[WHAT IS EXPECTED] For this exercise, output exactly the lines from the opening line of the listing through the line with "This Sesame Shallot", skipping pictures.

[RAW DATA]
· · ·

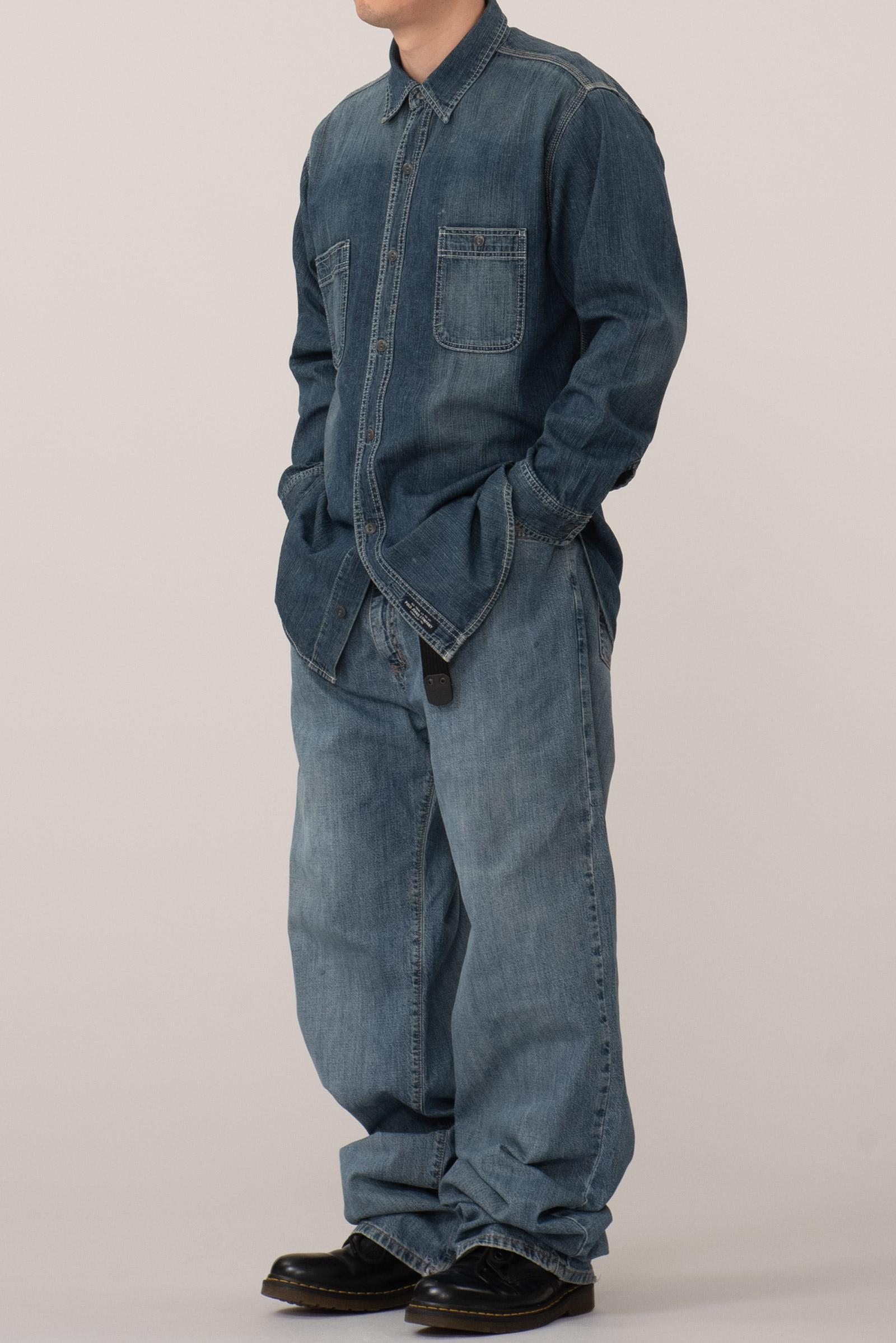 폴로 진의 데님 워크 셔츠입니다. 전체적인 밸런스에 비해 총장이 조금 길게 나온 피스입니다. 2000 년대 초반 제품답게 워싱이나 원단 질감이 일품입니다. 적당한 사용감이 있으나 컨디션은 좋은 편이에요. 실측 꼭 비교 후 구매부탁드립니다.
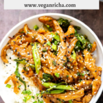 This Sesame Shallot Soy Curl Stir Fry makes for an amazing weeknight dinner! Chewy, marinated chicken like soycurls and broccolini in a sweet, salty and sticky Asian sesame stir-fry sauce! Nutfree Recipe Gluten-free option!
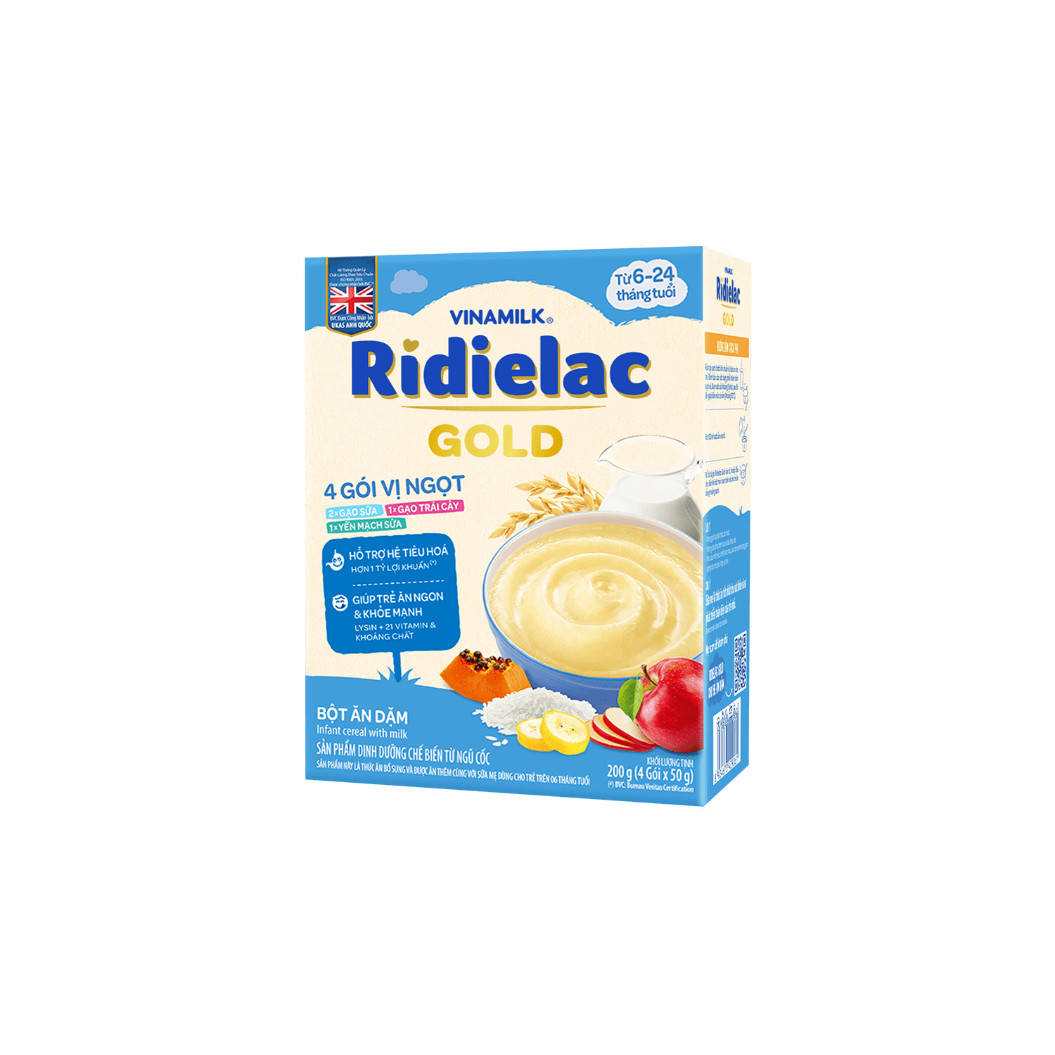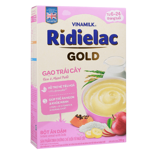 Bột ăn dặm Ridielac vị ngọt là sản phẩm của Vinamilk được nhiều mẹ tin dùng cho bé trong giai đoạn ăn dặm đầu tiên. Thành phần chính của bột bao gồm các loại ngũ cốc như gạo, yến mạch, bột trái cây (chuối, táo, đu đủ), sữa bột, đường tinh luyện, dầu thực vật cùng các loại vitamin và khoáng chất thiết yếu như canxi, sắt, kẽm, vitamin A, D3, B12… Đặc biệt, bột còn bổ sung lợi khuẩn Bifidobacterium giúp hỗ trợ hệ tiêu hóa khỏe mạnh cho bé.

· · ·

[WRITTEN ANSWER]
 폴로 진의 데님 워크 셔츠입니다. 전체적인 밸런스에 비해 총장이 조금 길게 나온 피스입니다. 2000 년대 초반 제품답게 워싱이나 원단 질감이 일품입니다. 적당한 사용감이 있으나 컨디션은 좋은 편이에요. 실측 꼭 비교 후 구매부탁드립니다.
 This Sesame Shallot Soy Curl Stir Fry makes for an amazing weeknight dinner! Chewy, marinated chicken like soycurls and broccolini in a sweet, salty and sticky Asian sesame stir-fry sauce! Nutfree Recipe Gluten-free option!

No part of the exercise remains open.